Gordon Clark on the "Problem of Evil"

God is neither responsible nor sinful, even though he is the only ultimate cause of everything. He is not sinful because in the first place whatever God does is just and right. It is just and right simply in virtue of the fact that he does it. Justice or righteousness is not a standard external to God to which God is obligated to submit. Righteousness is what God does. Since God caused Judas to betray Christ, this causal act is righteous and not sinful. By definition God cannot sin. At this point it must be particularly pointed out that God’s causing a man to sin is not sin. There is no law, superior to God, which forbids him to decree sinful acts. Sin presupposes a law, for sin is lawlessness. Sin is any want of conformity unto or transgression of the law of God. But God is “Ex-lex.”

True it is that if a man, a created being, should cause or try to cause another man to sin, this attempt would be sinful. The reason is plain. The relation of one man to another is entirely different from the relation of God to any man. God is the creator; man is a creature. And the relation of a man to the law is equally different from the relation f God to the law. What holds in the one situation does not hold in the other. God has absolute and unlimited rights over all created things. Of the same lump he can make one vessel for honor and another for dishonor. The clay has no claims on the potter. Among men, on the contrary, rights are limited.

The idea that God is above law can be explained in another particular. The laws that God imposes on men do not apply to the divine nature. They are applicable only to human conditions. For example, God cannot steal, not only because whatever he does is right, but also because he owns everything: There is no one to steal from. Thus the law that defines sin envisages human conditions and has no relevance to a sovereign creator.

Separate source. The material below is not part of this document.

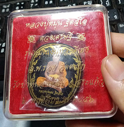 699....... วัดใจ........... ล็อกเก็ตฉากดำ ลายกนกทอง หลวงปู่หมุน รุ่นหมุนเงินทองดีเฮง ปี 2556........ เลข 258 สวยๆกล่องเดิม |

As God cannot sin, so in the next place, God is not responsible for sin, even though he decrees it. Perhaps it would be well, before we conclude, to give a little more Scriptural evidence that God indeed decrees and causes sin. 2 Chronicles 18:20-22 read: “Then a spirit came forward and stood before the Lord, and said, ‘I will persuade him.’ The Lord said to him, ‘In what way?’ So he said, ‘I will go out and be a lying spirit in the mouth of all his prophets.’ And the Lord said, ‘You shall persuade him and also prevail; go out and do so.’ Now, therefore, look! The Lord has put a lying spirit in the mouth of these prophets of yours, and the Lord has declared disaster against you.” This passage definitely says that the Lord caused the prophets to lie. Other similar passages ought easily to come to one’s remembrance. But that God is not responsible for the sin he causes is a conclusion closely connected with the preceding argument.

Another aspect of the human conditions presupposed by the laws God imposes on man is that they carry with them a penalty that cannot be inflicted on God. Man is responsible because God calls him to account; man is responsible because the supreme power can punish him for disobedience. God, on the contrary, cannot be responsible for he plain reason that there is no power superior to him; no greater being can hold him accountable; no one can punish him; there is no one to whom God is responsible; there are no laws which he could disobey. The sinner, therefore, and not God, is responsible; the sinner alone is the author of sin. Man has no free will, for salvation is purely of grace; and God is sovereign.